:: The input ::
::::

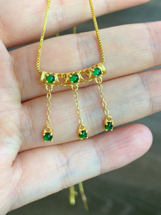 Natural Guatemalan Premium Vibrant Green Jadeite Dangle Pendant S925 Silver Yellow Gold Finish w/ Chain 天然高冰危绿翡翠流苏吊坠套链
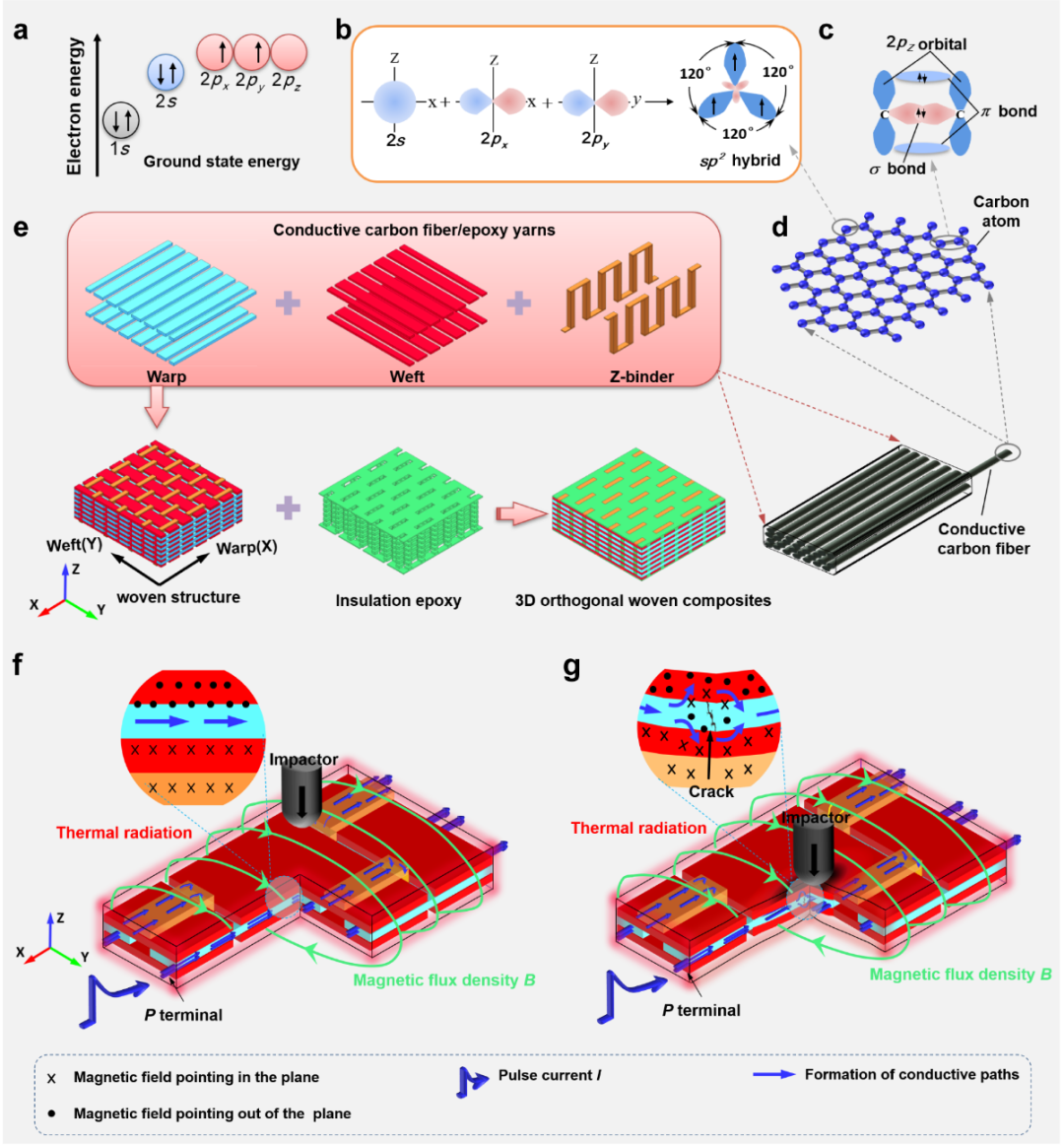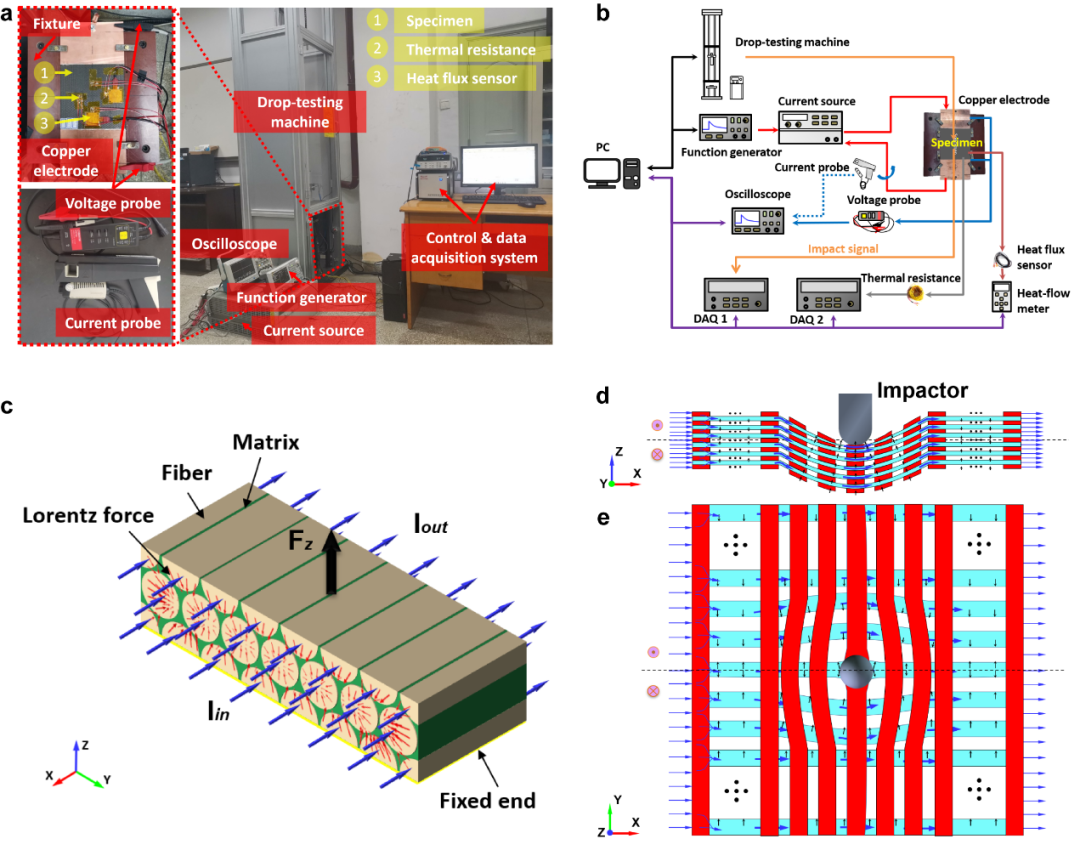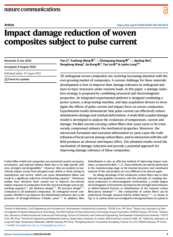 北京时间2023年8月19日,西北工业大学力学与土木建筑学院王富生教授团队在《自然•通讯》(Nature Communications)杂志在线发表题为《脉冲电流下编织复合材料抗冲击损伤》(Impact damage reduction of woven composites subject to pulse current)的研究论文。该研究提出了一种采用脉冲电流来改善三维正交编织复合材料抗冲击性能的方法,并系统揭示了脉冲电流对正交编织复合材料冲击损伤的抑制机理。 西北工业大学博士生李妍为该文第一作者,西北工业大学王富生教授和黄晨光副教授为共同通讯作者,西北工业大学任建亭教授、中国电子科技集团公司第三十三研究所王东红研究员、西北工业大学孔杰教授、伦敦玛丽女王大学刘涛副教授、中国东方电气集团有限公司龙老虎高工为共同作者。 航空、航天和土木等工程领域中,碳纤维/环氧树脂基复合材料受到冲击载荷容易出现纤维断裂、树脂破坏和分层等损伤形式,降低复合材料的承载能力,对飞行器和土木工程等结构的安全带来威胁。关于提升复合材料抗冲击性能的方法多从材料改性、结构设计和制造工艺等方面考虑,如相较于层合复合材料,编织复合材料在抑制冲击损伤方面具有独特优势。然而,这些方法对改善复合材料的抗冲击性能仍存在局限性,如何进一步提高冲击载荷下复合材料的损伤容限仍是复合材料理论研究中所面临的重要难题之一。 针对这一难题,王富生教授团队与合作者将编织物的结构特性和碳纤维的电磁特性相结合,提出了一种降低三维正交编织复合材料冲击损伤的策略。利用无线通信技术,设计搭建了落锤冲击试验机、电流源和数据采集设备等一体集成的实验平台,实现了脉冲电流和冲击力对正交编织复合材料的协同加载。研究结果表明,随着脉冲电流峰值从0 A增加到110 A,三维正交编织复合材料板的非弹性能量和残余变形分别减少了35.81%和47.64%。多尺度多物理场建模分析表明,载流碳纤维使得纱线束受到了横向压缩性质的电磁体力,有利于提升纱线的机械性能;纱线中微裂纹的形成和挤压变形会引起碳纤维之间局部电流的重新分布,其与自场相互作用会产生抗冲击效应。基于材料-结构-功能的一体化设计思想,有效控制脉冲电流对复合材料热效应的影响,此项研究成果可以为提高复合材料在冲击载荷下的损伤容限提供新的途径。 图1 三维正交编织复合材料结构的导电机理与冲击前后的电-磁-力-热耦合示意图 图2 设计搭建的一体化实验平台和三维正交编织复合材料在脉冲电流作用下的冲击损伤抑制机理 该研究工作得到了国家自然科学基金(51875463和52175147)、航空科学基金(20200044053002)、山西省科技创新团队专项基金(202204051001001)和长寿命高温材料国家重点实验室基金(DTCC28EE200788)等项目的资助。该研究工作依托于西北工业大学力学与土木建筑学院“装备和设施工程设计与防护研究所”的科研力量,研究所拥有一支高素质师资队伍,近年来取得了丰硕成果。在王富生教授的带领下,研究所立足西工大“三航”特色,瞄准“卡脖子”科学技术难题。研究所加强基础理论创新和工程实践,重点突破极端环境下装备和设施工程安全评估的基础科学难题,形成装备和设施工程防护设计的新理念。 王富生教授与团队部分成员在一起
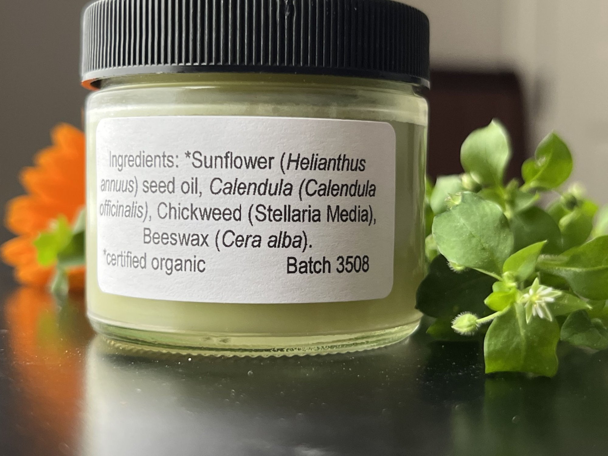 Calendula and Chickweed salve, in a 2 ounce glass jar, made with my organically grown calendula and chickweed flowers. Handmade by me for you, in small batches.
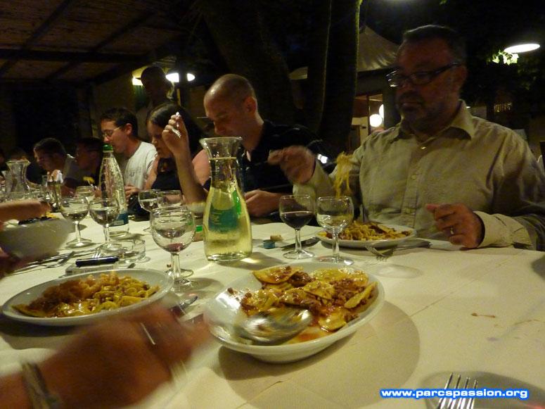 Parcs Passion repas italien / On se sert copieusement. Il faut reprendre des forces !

::::

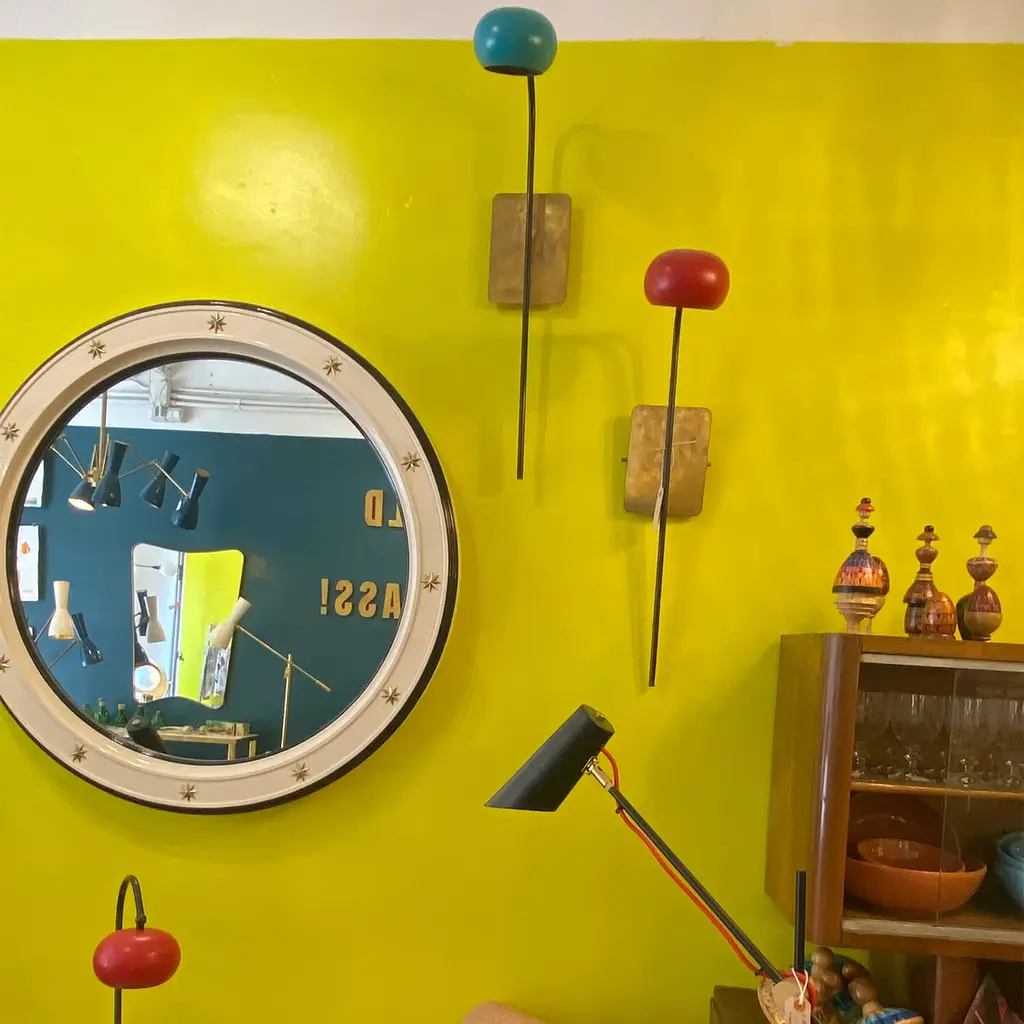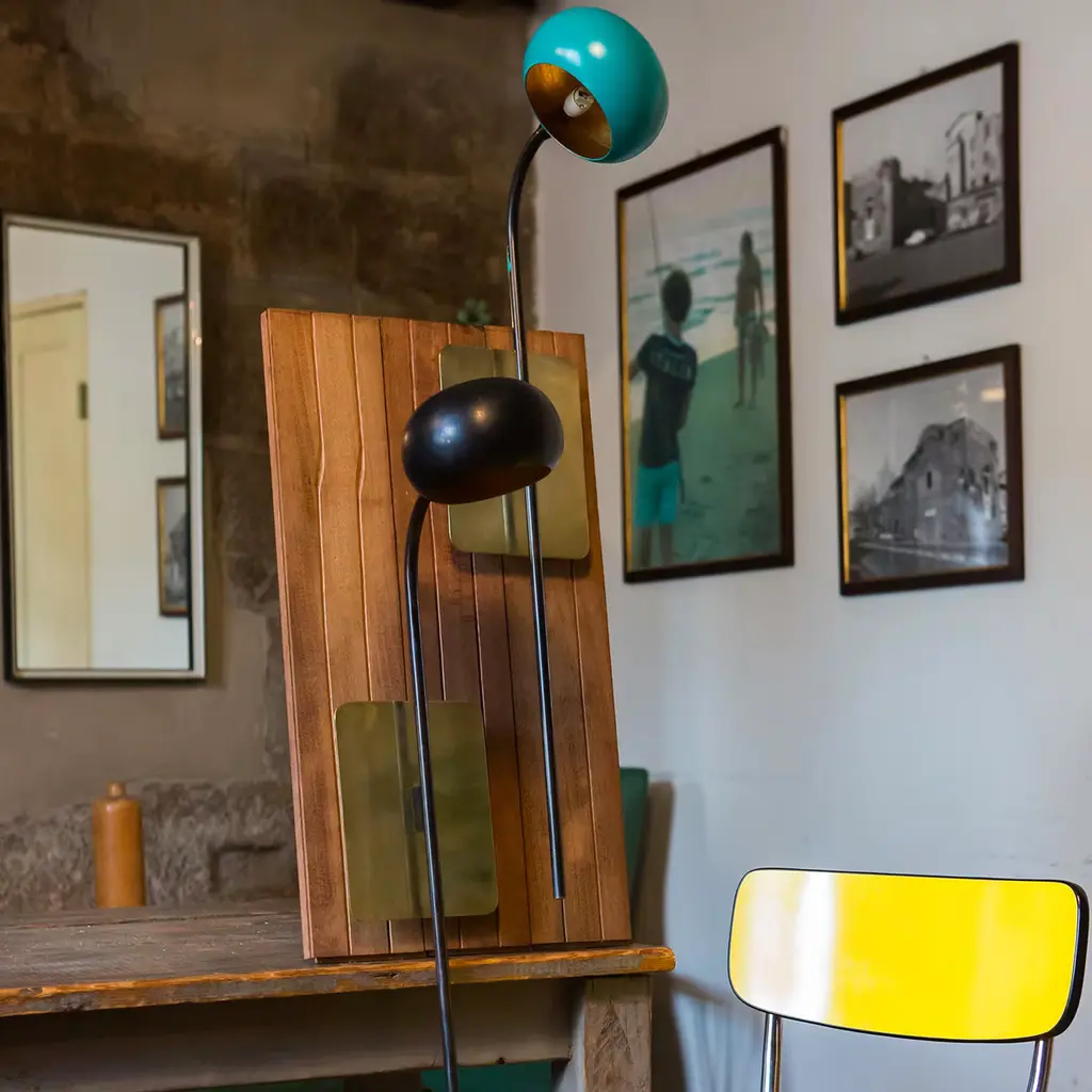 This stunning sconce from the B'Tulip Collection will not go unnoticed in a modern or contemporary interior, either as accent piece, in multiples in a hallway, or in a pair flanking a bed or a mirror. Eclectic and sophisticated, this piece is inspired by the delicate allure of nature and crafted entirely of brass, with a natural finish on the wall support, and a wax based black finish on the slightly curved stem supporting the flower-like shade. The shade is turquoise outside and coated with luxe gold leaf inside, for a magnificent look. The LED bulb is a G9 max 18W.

::::

:: What this task involves ::
Using the entries above, reproduce word for word only the lines from the one that contains "Calendula and Chickweed salve, in" to the one that contains "Parcs Passion repas", both ends included, and drop every picture.

:: Exercise response ::
 Calendula and Chickweed salve, in a 2 ounce glass jar, made with my organically grown calendula and chickweed flowers. Handmade by me for you, in small batches.
 Parcs Passion repas italien / On se sert copieusement. Il faut reprendre des forces !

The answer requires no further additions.